Segment Start: Supplied entries

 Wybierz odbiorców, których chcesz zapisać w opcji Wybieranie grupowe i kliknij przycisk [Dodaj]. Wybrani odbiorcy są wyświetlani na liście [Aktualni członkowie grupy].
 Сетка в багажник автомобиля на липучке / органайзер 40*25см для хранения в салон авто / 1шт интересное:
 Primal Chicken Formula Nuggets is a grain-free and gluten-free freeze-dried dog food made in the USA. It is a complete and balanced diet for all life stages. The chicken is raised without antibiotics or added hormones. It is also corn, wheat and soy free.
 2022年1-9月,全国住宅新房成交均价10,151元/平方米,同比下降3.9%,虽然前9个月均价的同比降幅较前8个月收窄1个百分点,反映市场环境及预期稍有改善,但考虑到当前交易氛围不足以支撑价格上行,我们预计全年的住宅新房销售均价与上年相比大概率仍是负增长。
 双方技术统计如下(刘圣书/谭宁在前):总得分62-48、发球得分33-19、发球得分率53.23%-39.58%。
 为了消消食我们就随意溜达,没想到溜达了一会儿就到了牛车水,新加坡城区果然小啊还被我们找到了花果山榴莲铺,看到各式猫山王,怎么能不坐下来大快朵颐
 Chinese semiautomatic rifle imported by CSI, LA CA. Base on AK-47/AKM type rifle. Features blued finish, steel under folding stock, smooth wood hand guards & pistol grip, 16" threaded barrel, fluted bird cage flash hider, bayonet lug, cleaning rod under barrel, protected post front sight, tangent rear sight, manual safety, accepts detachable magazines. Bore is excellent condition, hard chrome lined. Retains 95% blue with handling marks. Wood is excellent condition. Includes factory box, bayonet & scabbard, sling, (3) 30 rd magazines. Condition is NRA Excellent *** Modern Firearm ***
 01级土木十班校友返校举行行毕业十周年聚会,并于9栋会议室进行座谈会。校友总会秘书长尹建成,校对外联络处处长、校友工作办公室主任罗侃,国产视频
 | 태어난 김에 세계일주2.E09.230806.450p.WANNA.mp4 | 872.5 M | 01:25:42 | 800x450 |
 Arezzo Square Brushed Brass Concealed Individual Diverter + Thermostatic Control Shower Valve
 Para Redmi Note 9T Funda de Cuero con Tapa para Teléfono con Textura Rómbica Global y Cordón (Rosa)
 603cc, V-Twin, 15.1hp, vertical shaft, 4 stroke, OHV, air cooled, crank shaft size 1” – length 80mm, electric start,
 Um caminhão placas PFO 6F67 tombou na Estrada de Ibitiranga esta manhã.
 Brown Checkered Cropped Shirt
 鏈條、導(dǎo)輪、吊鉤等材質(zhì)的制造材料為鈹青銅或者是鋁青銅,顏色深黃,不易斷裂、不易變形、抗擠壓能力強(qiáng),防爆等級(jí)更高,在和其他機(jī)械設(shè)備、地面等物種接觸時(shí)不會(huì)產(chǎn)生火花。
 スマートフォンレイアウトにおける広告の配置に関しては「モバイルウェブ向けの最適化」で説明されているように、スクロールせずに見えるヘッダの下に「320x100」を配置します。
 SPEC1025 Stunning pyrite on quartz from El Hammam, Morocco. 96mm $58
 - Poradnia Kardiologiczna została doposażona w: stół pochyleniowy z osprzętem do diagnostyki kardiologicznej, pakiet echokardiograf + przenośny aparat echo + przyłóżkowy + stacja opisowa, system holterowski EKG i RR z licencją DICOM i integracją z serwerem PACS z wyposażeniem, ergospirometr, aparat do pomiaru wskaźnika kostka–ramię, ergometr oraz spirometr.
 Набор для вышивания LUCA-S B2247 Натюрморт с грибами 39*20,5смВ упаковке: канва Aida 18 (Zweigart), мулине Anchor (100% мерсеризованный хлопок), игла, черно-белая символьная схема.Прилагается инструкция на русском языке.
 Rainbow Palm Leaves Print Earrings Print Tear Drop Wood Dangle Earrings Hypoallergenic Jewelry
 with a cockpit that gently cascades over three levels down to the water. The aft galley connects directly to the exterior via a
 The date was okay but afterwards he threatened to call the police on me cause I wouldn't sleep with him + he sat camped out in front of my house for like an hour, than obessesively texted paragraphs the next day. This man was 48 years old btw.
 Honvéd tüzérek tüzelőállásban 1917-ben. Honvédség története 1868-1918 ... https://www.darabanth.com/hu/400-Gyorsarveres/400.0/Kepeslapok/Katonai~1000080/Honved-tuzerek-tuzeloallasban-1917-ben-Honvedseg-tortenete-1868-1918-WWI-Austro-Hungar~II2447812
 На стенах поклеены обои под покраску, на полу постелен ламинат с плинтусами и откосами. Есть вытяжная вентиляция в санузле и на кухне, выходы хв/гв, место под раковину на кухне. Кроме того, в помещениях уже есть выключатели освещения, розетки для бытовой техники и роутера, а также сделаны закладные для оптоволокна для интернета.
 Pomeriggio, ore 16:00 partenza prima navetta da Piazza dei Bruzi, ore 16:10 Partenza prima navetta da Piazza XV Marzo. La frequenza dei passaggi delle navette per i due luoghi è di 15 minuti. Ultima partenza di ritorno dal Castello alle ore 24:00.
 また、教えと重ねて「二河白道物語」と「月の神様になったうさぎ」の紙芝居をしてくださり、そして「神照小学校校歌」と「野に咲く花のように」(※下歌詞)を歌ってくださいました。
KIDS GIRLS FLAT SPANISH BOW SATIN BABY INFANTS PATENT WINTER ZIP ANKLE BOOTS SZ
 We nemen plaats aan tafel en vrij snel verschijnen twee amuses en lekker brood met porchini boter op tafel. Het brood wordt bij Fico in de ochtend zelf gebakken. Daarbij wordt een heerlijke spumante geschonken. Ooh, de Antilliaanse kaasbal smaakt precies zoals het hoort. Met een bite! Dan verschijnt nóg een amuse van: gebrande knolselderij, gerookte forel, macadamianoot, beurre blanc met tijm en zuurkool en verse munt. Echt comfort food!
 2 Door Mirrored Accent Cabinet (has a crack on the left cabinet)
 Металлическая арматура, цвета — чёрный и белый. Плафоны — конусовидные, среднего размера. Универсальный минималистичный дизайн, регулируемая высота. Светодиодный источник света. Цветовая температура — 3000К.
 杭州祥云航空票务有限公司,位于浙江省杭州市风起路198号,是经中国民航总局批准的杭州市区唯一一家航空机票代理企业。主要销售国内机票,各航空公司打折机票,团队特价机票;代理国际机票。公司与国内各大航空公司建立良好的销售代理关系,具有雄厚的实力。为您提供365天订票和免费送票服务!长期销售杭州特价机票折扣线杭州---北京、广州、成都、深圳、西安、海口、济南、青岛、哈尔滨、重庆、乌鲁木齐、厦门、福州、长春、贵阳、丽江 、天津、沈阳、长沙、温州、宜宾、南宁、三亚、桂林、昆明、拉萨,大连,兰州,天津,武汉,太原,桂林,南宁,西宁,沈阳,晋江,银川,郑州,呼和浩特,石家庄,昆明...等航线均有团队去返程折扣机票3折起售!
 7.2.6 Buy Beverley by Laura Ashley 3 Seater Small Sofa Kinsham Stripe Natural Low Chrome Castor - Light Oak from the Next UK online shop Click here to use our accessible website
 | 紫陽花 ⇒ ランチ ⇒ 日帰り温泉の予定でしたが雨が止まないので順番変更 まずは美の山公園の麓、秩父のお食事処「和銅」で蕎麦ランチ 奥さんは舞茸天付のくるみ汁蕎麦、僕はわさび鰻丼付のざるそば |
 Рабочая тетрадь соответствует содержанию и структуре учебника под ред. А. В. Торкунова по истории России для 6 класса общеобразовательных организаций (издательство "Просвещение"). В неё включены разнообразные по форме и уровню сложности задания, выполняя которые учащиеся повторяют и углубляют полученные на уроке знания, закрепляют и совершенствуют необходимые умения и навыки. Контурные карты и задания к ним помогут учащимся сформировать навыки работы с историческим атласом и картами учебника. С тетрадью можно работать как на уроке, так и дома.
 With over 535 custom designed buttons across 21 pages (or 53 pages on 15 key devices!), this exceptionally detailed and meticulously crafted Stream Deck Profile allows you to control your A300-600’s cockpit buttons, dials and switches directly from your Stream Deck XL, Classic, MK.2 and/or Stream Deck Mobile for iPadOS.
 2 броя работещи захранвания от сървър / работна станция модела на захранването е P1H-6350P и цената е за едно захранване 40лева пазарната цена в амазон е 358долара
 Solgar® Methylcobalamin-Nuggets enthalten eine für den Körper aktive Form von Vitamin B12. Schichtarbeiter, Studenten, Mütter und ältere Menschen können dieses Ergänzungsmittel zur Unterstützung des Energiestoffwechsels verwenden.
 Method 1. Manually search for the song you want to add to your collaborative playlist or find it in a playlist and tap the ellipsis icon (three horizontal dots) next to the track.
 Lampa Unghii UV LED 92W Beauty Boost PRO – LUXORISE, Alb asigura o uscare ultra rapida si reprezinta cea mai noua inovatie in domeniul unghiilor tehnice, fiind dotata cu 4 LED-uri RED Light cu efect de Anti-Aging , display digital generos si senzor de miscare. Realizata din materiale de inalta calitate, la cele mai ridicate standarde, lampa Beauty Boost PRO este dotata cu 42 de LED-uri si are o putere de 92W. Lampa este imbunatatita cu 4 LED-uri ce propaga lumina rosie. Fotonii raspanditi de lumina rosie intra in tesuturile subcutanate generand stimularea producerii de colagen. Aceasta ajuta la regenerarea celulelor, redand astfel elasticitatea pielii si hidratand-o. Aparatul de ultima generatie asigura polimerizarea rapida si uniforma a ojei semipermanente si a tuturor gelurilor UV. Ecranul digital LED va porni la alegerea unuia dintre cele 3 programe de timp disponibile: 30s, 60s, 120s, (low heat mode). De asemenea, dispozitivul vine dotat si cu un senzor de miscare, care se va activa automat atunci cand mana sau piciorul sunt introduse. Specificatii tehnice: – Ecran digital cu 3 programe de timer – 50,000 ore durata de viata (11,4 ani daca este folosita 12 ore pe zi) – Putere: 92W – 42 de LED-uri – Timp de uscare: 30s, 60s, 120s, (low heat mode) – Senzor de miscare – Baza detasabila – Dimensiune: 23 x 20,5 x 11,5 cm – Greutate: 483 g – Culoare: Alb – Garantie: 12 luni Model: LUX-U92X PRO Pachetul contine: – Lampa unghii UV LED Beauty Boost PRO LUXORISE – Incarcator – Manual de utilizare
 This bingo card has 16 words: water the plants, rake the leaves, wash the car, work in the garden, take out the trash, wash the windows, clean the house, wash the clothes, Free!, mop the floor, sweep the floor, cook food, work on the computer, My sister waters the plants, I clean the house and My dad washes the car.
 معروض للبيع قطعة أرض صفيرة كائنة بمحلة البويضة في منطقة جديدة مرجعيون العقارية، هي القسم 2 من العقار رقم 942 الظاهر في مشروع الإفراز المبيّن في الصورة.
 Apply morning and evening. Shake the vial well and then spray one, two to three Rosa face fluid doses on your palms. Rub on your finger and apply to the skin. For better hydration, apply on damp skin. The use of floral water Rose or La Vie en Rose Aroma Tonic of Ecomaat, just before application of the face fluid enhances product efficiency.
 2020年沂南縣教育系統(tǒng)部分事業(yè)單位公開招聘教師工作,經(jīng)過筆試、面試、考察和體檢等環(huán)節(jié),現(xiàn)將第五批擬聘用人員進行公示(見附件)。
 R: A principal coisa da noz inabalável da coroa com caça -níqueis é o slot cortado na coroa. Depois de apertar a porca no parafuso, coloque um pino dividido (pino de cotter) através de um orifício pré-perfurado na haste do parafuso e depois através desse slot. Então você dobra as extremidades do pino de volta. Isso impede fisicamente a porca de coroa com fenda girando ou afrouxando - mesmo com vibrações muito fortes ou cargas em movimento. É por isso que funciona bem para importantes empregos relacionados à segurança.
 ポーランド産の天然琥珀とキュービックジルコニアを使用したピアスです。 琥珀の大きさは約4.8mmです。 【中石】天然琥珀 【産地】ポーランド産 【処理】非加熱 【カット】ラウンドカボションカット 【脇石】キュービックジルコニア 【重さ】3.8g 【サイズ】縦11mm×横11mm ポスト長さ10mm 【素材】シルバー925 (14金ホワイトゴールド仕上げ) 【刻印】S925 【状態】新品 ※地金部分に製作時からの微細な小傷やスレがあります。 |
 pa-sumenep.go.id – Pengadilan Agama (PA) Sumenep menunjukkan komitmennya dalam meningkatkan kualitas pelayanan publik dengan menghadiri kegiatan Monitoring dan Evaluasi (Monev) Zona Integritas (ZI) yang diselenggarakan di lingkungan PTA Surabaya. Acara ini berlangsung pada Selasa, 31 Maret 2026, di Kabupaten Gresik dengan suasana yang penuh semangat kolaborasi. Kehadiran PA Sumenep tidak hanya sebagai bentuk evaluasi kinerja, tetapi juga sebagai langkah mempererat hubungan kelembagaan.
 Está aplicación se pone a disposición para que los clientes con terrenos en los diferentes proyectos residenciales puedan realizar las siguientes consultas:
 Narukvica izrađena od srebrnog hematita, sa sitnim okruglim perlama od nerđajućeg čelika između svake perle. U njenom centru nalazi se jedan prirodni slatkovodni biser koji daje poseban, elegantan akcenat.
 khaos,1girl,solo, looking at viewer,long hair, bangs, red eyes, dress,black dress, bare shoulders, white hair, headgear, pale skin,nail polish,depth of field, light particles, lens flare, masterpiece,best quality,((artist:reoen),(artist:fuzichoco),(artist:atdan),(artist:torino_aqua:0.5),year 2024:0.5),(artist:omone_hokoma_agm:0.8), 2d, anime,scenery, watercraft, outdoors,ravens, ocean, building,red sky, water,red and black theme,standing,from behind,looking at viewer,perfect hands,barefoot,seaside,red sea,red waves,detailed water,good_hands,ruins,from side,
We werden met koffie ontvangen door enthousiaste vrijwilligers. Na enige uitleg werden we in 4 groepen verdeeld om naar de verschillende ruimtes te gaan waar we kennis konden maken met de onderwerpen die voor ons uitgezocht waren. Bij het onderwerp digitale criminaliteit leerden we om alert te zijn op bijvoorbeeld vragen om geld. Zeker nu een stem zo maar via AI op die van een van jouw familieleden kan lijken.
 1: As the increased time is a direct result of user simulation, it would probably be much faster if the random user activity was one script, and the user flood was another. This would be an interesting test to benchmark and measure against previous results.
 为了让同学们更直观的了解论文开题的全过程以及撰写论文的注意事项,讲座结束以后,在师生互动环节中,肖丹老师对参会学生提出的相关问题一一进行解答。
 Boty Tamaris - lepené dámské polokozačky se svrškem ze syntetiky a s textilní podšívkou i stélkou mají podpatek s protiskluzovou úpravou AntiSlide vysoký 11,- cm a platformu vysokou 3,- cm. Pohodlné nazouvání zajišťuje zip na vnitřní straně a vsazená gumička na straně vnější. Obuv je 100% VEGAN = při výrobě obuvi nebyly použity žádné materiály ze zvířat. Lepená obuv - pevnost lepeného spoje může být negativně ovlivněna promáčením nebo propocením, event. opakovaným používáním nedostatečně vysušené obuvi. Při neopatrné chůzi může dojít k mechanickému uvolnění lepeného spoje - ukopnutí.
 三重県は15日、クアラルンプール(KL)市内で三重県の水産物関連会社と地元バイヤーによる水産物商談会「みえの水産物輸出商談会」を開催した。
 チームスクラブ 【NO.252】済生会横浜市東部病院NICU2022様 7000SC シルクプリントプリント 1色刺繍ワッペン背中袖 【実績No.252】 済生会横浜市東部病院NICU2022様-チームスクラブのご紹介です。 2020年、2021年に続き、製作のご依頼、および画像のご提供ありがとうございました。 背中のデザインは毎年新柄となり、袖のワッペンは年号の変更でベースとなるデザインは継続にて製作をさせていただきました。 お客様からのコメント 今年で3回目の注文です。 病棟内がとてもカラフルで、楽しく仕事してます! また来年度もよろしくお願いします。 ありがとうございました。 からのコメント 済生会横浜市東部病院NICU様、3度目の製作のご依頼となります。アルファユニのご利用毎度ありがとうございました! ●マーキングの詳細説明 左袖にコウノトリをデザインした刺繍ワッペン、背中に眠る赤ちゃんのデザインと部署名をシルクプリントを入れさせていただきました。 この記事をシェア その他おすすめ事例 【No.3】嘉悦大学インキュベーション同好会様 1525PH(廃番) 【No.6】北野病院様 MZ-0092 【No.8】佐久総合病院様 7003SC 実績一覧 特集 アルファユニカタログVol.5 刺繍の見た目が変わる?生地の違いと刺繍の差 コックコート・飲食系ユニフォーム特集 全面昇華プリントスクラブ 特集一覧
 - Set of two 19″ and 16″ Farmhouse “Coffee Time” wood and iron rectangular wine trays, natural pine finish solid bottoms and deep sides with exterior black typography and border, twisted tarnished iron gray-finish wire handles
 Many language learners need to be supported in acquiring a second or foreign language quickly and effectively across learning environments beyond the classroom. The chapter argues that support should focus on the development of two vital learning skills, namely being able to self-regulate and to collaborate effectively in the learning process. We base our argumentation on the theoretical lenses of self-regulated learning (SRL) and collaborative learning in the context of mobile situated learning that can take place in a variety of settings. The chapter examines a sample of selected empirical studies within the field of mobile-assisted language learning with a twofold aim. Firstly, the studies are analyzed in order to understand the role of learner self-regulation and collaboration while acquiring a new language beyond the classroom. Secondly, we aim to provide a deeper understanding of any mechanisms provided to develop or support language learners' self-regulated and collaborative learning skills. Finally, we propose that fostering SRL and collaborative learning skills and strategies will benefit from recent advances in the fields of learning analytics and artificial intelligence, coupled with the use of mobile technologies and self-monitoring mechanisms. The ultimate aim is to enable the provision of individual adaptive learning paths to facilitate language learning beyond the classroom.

Segment End: Supplied entries

● Activity
Extract the lines of the preceding material that run from the line with "Сетка в багажник" through the line with "Para Redmi Note", inclusive, reproducing them exactly and adding nothing.

● Exercise result
 Сетка в багажник автомобиля на липучке / органайзер 40*25см для хранения в салон авто / 1шт интересное:
 Primal Chicken Formula Nuggets is a grain-free and gluten-free freeze-dried dog food made in the USA. It is a complete and balanced diet for all life stages. The chicken is raised without antibiotics or added hormones. It is also corn, wheat and soy free.
 2022年1-9月,全国住宅新房成交均价10,151元/平方米,同比下降3.9%,虽然前9个月均价的同比降幅较前8个月收窄1个百分点,反映市场环境及预期稍有改善,但考虑到当前交易氛围不足以支撑价格上行,我们预计全年的住宅新房销售均价与上年相比大概率仍是负增长。
 双方技术统计如下(刘圣书/谭宁在前):总得分62-48、发球得分33-19、发球得分率53.23%-39.58%。
 为了消消食我们就随意溜达,没想到溜达了一会儿就到了牛车水,新加坡城区果然小啊还被我们找到了花果山榴莲铺,看到各式猫山王,怎么能不坐下来大快朵颐
 Chinese semiautomatic rifle imported by CSI, LA CA. Base on AK-47/AKM type rifle. Features blued finish, steel under folding stock, smooth wood hand guards & pistol grip, 16" threaded barrel, fluted bird cage flash hider, bayonet lug, cleaning rod under barrel, protected post front sight, tangent rear sight, manual safety, accepts detachable magazines. Bore is excellent condition, hard chrome lined. Retains 95% blue with handling marks. Wood is excellent condition. Includes factory box, bayonet & scabbard, sling, (3) 30 rd magazines. Condition is NRA Excellent *** Modern Firearm ***
 01级土木十班校友返校举行行毕业十周年聚会,并于9栋会议室进行座谈会。校友总会秘书长尹建成,校对外联络处处长、校友工作办公室主任罗侃,国产视频
 | 태어난 김에 세계일주2.E09.230806.450p.WANNA.mp4 | 872.5 M | 01:25:42 | 800x450 |
 Arezzo Square Brushed Brass Concealed Individual Diverter + Thermostatic Control Shower Valve
 Para Redmi Note 9T Funda de Cuero con Tapa para Teléfono con Textura Rómbica Global y Cordón (Rosa)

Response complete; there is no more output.